#### [Work instructions]
Starting with the first line below, extract each line through the one that contains "在今年2月份,有消息传出泰国", inclusive, excluding pictures.

#### [Supplied data]

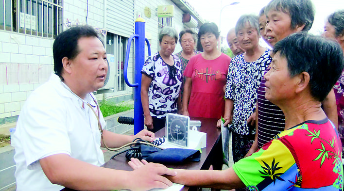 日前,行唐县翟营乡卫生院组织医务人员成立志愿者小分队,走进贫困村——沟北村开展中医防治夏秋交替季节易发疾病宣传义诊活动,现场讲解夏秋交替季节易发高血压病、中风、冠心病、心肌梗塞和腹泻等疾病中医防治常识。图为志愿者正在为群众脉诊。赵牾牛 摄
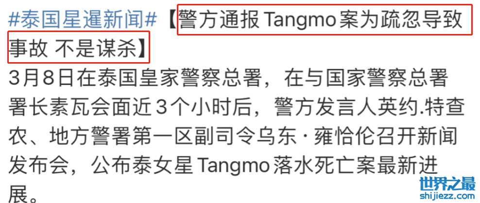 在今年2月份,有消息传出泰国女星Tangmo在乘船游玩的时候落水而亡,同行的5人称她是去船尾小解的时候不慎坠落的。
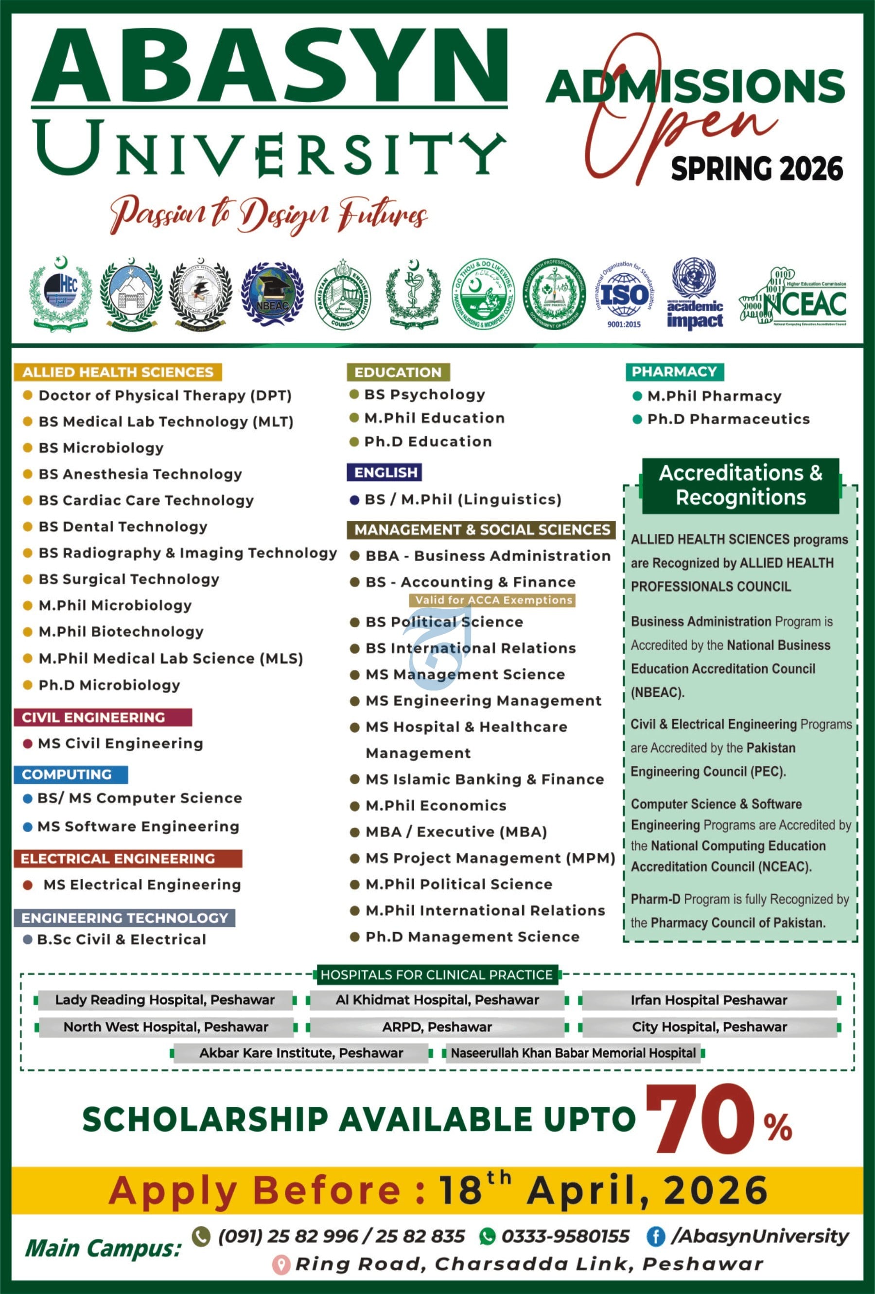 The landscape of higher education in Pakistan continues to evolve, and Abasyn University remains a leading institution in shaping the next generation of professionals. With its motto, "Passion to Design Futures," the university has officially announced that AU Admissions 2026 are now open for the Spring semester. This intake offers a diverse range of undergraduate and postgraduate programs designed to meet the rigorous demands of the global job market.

#### [Result of the task]
 日前,行唐县翟营乡卫生院组织医务人员成立志愿者小分队,走进贫困村——沟北村开展中医防治夏秋交替季节易发疾病宣传义诊活动,现场讲解夏秋交替季节易发高血压病、中风、冠心病、心肌梗塞和腹泻等疾病中医防治常识。图为志愿者正在为群众脉诊。赵牾牛 摄
 在今年2月份,有消息传出泰国女星Tangmo在乘船游玩的时候落水而亡,同行的5人称她是去船尾小解的时候不慎坠落的。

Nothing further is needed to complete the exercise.